* **Action item**
Under this line are records; the part from the line containing "Квартира в ЖК" through the line containing "Bu zırhlı aracın" should be repeated exactly. Please exclude pictures.
# # # # #
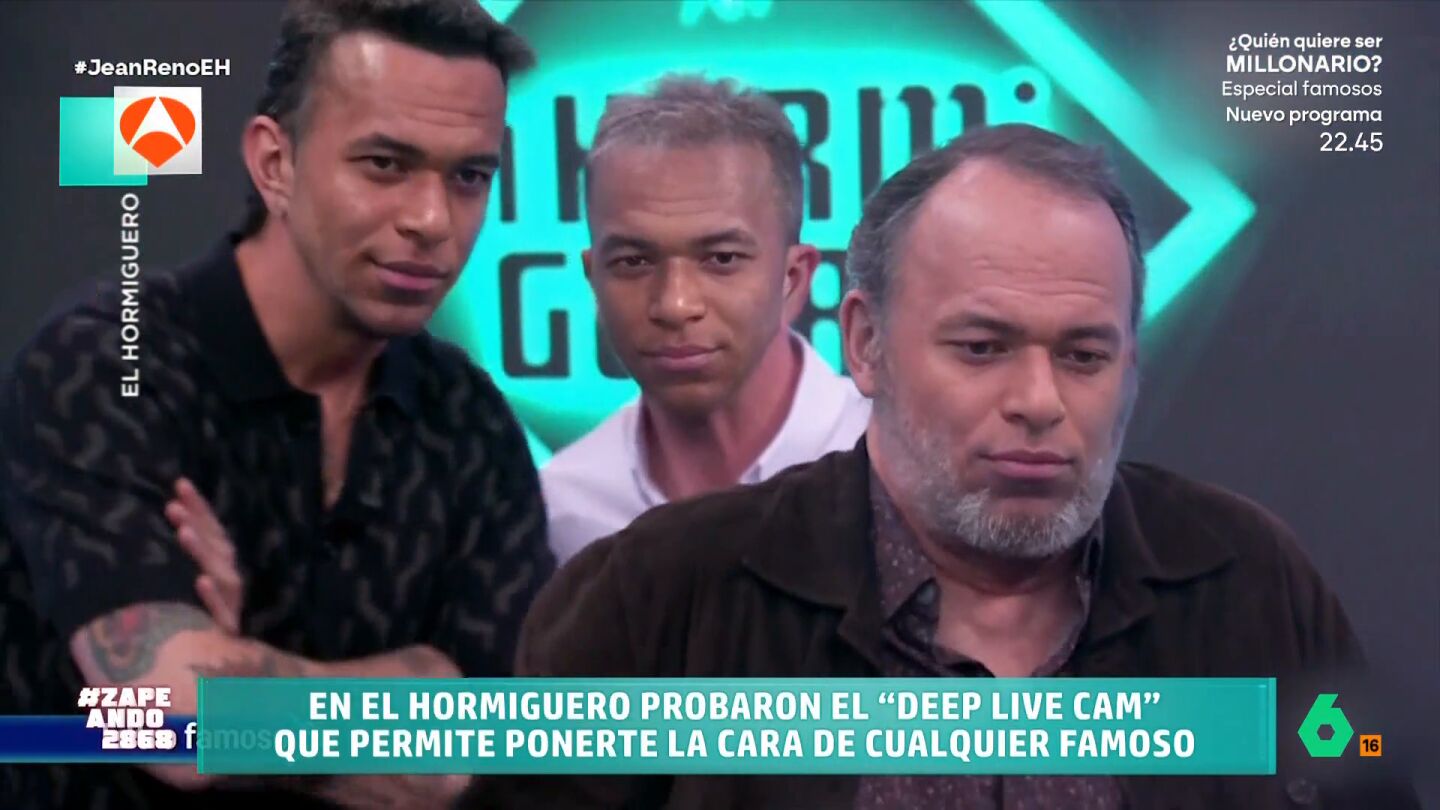 Zapeando analiza en este vídeo la visita del actor Jean Renó a 'El Hormiguero', donde probó con Marron y Pablo Motos una aplicación de inteligencia artificial capaz de ponerles la cara de Brad Pitt, Tom Hanks o Mbappé en tiempo real.
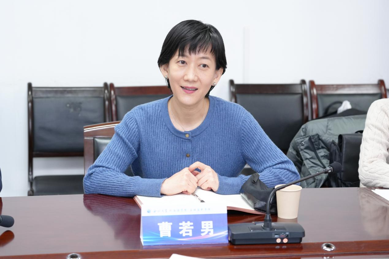 座谈会上,曹若男院长首先致辞,对外教社一行的到访表示热烈欢迎,并详细介绍了学院近年来在区域国别研究转型方面的建设成果与发展规划。曹院长表示,学院希望与外教社联手举办高端学术会议,搭建国际学术交流平台,同时在四六级教材和考研教材合作、新型数字化教材出版及学科建设等方面进一步深化合作。此外,曹院长还提出,双方可共同申报中华学术外译项目,推动中国优秀学术成果走向世界,进一步促进学术成果的国际传播。
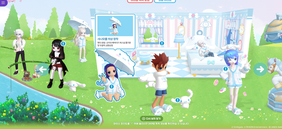 테일즈런너 x 산리오의 콜라보 홈페이지를 들어가보면 이렇게 다양한 산리오캐릭터 아이템들을 장착한 테런의 캐릭터들을 만나볼 수 있습니다. 추억의 초원과 리나 등 다양한 캐릭터들이 보이는데요. 해당 캐릭터의 아이템위에 마우스를 올려보면, 아이템을 획득할 수 있는 방법이 나온답니다.
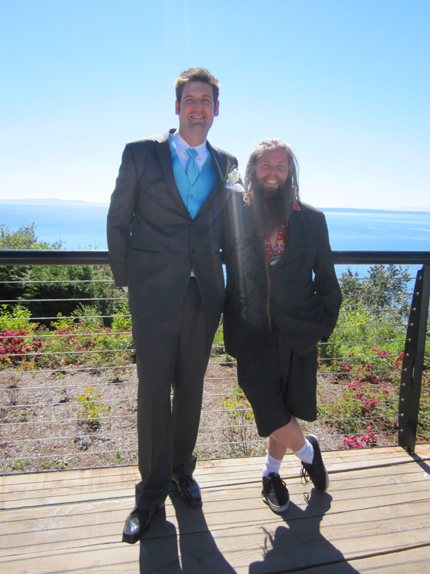 Brought together by fluke through the City of Surrey, Jordan Wiebe, the man they call “DJ CUZO” started backing me up at all my skateboard competitions as my DJ about 6 or 7 years ago. He had good taste in tunes and enjoyed being part of the events. We became close friends when I found out he was good at golf (Really Good) and we started inviting him out to our weekly trip to The Meridian Par 3 in White Rock. Then we just started hanging out all the time. Jordan is such a friendly giant, standing 6’6” tall but always showing everyone love and affection. Saturday, August 4th, 2012, the day came where he and his long time girlfriend Jessie were tying the knot at Kwamais Point Park. It was a wild wedding of course, 30 something degrees outside, sun just beaming on us, eagles soaring around in the background, and best of all, the bride showed up. They got married, took some photos and then we all headed over to Belle’s Restaurant in South Surrey. It was great time – from awesome food, to swordfights in the parking lot, Cuban Cohiba Cigars, a breakdance demo by the “Now or Never Crew”, and Cuzo himself even got up and rapped for his new lady in front of everyone.
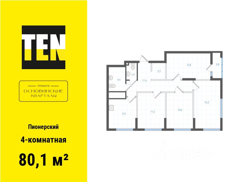 Квартира в ЖК "ОК: Премиум" в Пионерском микрорайоне от застройщика TEN девелопмент! Ключи во 2 квартале 2027 года.
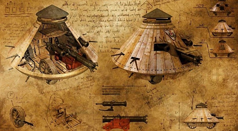 Bu zırhlı aracın taslağı da Leonardo’nun not defterinde bulundu. Bu taslakta aracın nasıl korunduğu, içindeki silahların nasıl ateşleneceği ve aracın nasıl yönlendirileceği görülüyor.
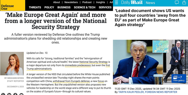 Zelensky envisagerait désormais d’organiser un référendum sur la cession du Donbass afin d’apaiser Trump et son nouveau «plan de paix». Le problème est que la question du Donbass ne représente qu’un aspect mineur des désaccords plus larges liés aux exigences de la Russie. Il pourrait toutefois s’agir d’une manœuvre pour contraindre la Russie à un cessez-le-feu, puis sceller la guerre avec l’intervention de l’OTAN, étant donné que Poutine a déclaré qu’il mettrait fin aux hostilités si l’Ukraine se retirait des territoires restants du Donbass. Certains se souviendront peut-être que j’avais qualifié cette initiative de coup de maître de Poutine, mais Zelensky, aux abois, pourrait être tenté de le prendre au mot en organisant un référendum.
# # # # #
* **Result of the exercise**
 Квартира в ЖК "ОК: Премиум" в Пионерском микрорайоне от застройщика TEN девелопмент! Ключи во 2 квартале 2027 года.
 Bu zırhlı aracın taslağı da Leonardo’nun not defterinde bulundu. Bu taslakta aracın nasıl korunduğu, içindeki silahların nasıl ateşleneceği ve aracın nasıl yönlendirileceği görülüyor.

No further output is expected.